I’m facing a problem - I want to expose port 22 and have the traffic route to my Pod with the source IP in tact. I also want to be able to see the source IP address for traffic analysis.

Exposing a Service with on port 22 works - except that the IP showing up on my honeypot is an internal (10.) IP. Not the real source IP that I wanted.

I have tried two methods to get the actual source IP:

  1. Use NodePort
  ports:
  - port: 22
    nodePort: 22
    name: "ssh"
    protocol: TCP

For security reasons, this is restricted:

The Service "honeytrap" is invalid: spec.ports[0].nodePort: Invalid value: 22: provided port is not in the valid range. The range of valid ports is 30000-32767
  1. Proxy Protocol

Digital Ocean load balancers offer the “Proxy Protocol”, I tried turning this on:

  annotations:
    service.beta.kubernetes.io/do-loadbalancer-enable-proxy-protocol: "true"
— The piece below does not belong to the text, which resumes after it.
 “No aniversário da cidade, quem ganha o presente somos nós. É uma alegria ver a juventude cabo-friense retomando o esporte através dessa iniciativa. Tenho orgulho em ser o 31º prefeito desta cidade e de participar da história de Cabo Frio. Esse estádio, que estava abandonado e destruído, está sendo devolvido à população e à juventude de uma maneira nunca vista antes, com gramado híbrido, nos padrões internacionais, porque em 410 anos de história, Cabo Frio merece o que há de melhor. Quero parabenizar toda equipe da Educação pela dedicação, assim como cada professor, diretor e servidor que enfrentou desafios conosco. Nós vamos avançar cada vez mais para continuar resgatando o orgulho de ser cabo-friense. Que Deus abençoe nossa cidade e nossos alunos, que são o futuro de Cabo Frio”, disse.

But this breaks by SSH honeypot (honeytrap) - if this was nginx (a more cloud native application) I would be OK, but honeytrap does not understand Proxy Protocol.
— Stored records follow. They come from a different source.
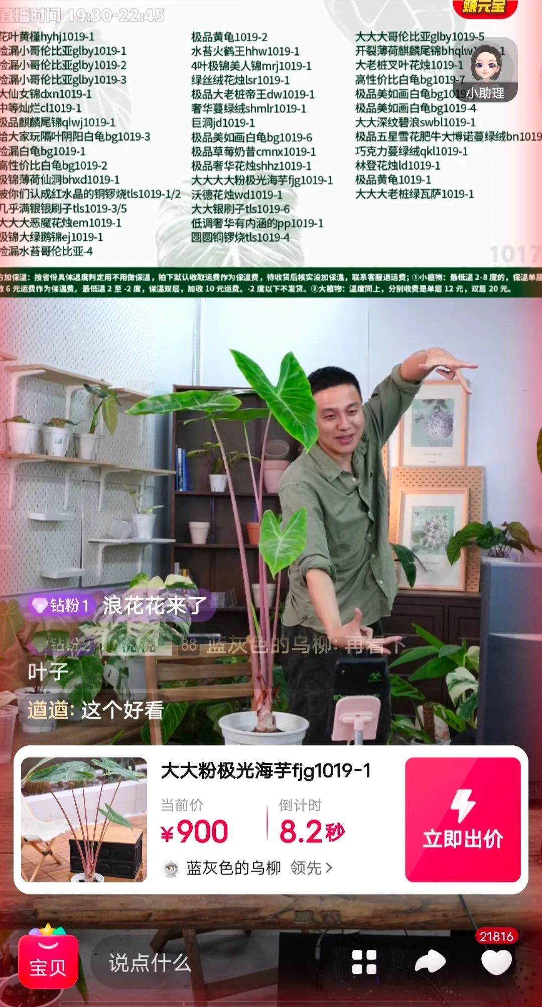 一株名為“極品黃龜”的綠植以1000元起拍,60秒的時(shí)間內(nèi)經(jīng)過21輪競(jìng)拍,最終以2000元的價(jià)格成交。這是19日晚發(fā)生在一個(gè)超16萬人觀看的直播間里的一幕。這株綠植只有四片葉子,折合后一片葉子500元。不過,這樣的價(jià)格相較去年已是便宜不少,最火熱的時(shí)候,精品綠植一片葉子就可賣到2萬多元。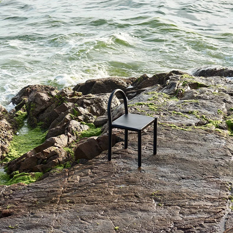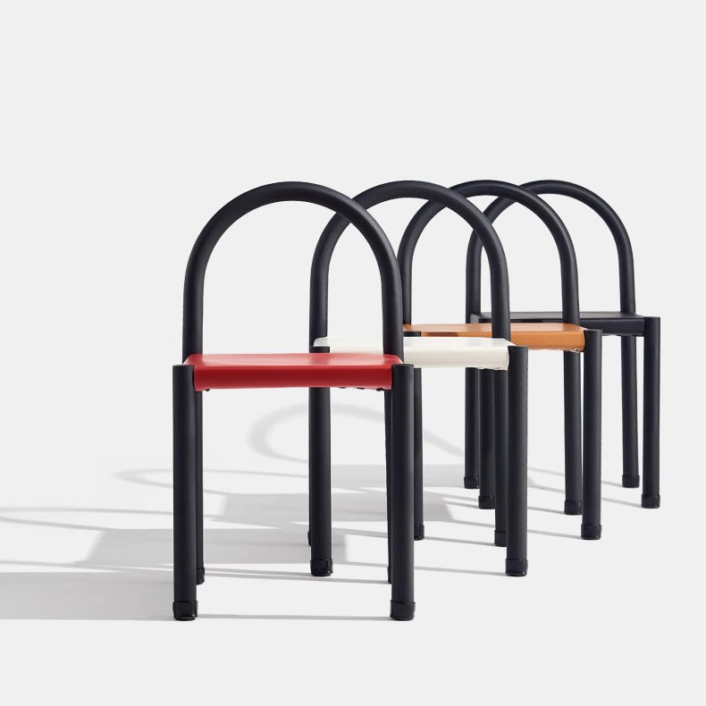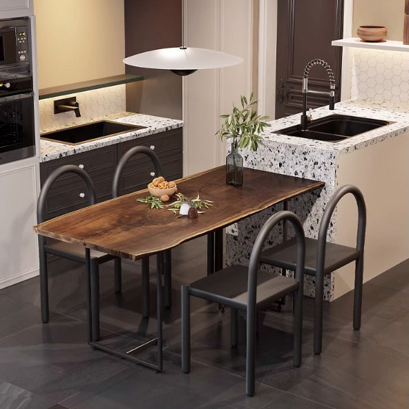 Contemporary Nordic Square Genuine Leather Carbon Steel Dining Chair Half Round Backrest For Dining Room
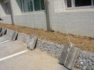 | 土壌改良の様子 | 側溝の蓋をアンカーとして再利用 |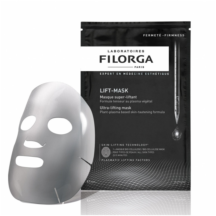 Mascarilla facial de Filorga efecto lifting con una formúla tensora con plasma vegetal. Modo de empleo: Abrir la bolsita y desplegar la mascarilla. Retirar delicadamente la malla protectora para exponer una cara gelificada y colocarla sobre el rostro limpiado previamente. Retirar la segunda capa protectora. Dejar actuar 15 minutos. Retirar la mascarilla y hacer penetrar el exceso de producto masajeando mediante movimientos ascendentes en el escote, el cuello y el rostro. Aplicar tres veces por semana. No es necesario enjuagar.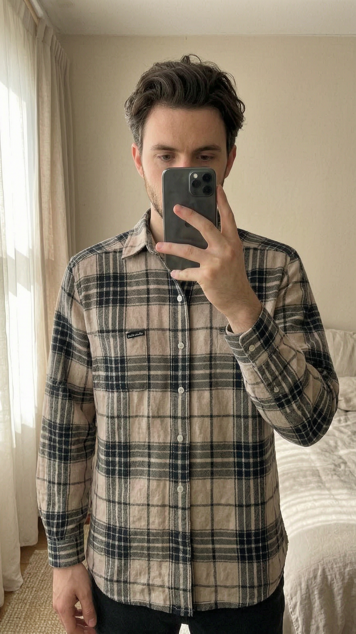 Barbour Vintage Nude and Black Men’s Check Shacket XXL standing straight facing the camera, in a softly lit bedroom setting, with gentle natural light filtering through a window.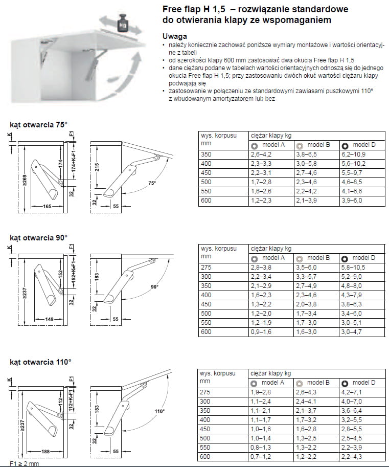 | Minimalna wys. klapy (mm) | 500 - 600 mm |

I know that there are ways around this by managing my own kubernetes cluster (which I don’t want to do), are there any other options?

Cluster information:

Kubernetes version: 1.15.2-do.0
Cloud being used: Digital Ocean
Installation method: Digital Ocean
Host OS: Digital Ocean Managed
CNI and version: Digital Ocean Managed
CRI and version: Digital Ocean Managed

Does DO support the “external traffic policy: Local” setting? That is what you need.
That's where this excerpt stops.